__The task__
Only the lines from the one containing "北京时间6月4日晚6点30分" through the end of the entries are wanted, retyped exactly and without pictures.

── Source data ──

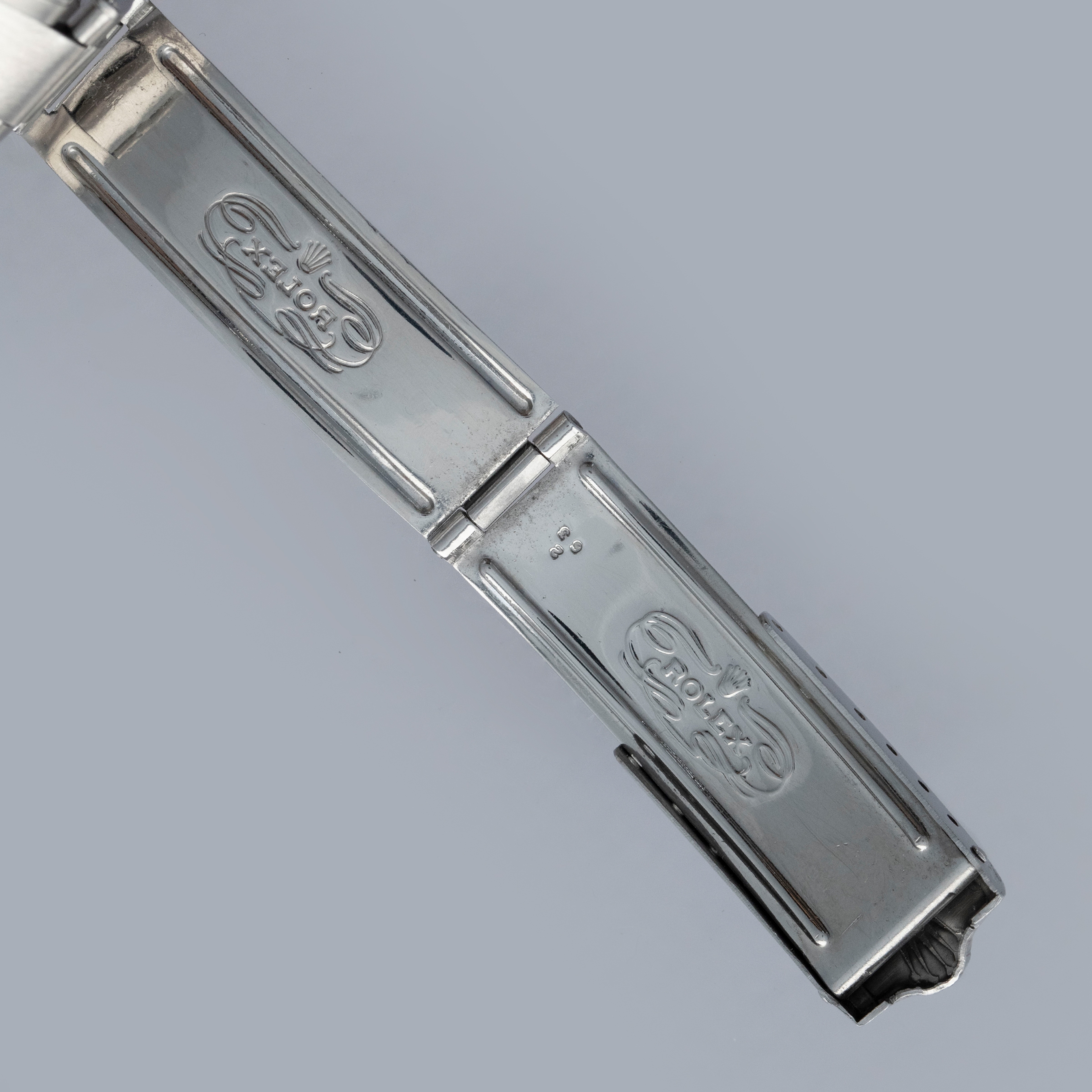 The watch is in overall excellent condition. The steel case and bezel have some light scratches and nicks, commensurate with a watch of this vintage, and the watch has been polished at some point. The lugs remain reasonably symmetrical. The rare two-tone Explorer-signed dial is in excellent condition, with some light surface marks, and the hands show light oxidation. The folded link rivet bracelet is also in excellent condition, with light scratches and some light play between the links and some stretch visible near the clasp. The bracelet currently fits a 6 3/4” wrist, and is fitted with 11 links.
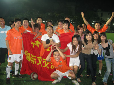 北京时间6月4日晚6点30分,我院留学生足球队在中财体育场迎战商学院足球队,这是本届中财寰宇杯足球赛的决赛,也是中财足球的巅峰对决。上半场双方以0:0进入休息时间,下半场我院足球队依靠快速的突破和良好的配合,最终2:0战胜商学院,夺得了本届中财寰宇杯足球赛的冠军。
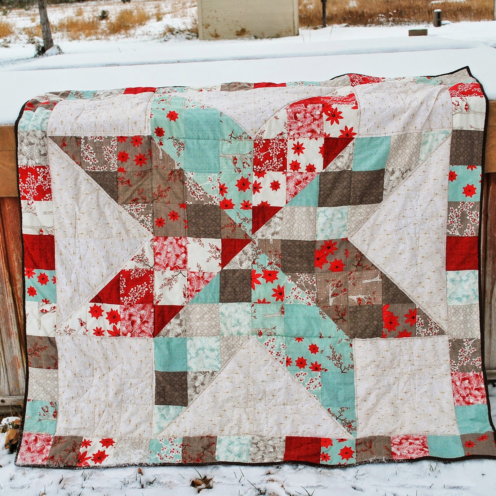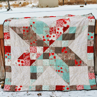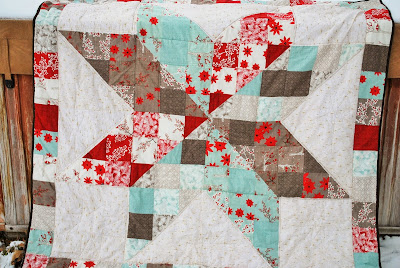 What a difference a few hours makes! When I took the pre-wash photos, the outside world could have passed for summer still. Not any more. I only managed a couple of photos before my fingers were too numb to continue, but here's the Christmas Star quilt finished at last!
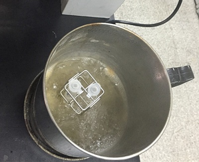 取1 mL蒸餾水于離心管中,再用0.2 mL塑料吸管取已攪拌均勻的蜂蜜1滴加到離心管中。 蓋上離心管蓋,放入沸水浴中的托架上加熱2分鐘后取出,上下?lián)u動6次作為待測液。
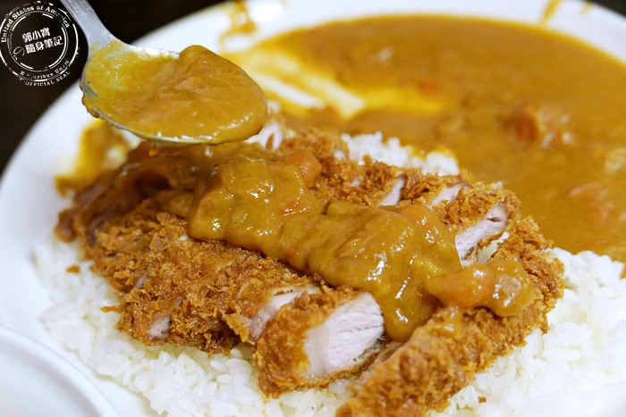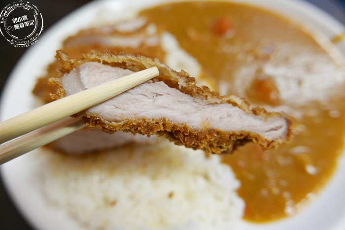 為了讓豬排增加濕潤,只好大量的淋上咖喱醬,希望能中和一下在嘴裡的口感與味道,好吧有從剛剛的不及格升級到及格邊緣了。 |

───

__Solution to the problem__
 北京时间6月4日晚6点30分,我院留学生足球队在中财体育场迎战商学院足球队,这是本届中财寰宇杯足球赛的决赛,也是中财足球的巅峰对决。上半场双方以0:0进入休息时间,下半场我院足球队依靠快速的突破和良好的配合,最终2:0战胜商学院,夺得了本届中财寰宇杯足球赛的冠军。
 What a difference a few hours makes! When I took the pre-wash photos, the outside world could have passed for summer still. Not any more. I only managed a couple of photos before my fingers were too numb to continue, but here's the Christmas Star quilt finished at last!
 取1 mL蒸餾水于離心管中,再用0.2 mL塑料吸管取已攪拌均勻的蜂蜜1滴加到離心管中。 蓋上離心管蓋,放入沸水浴中的托架上加熱2分鐘后取出,上下?lián)u動6次作為待測液。
 為了讓豬排增加濕潤,只好大量的淋上咖喱醬,希望能中和一下在嘴裡的口感與味道,好吧有從剛剛的不及格升級到及格邊緣了。 |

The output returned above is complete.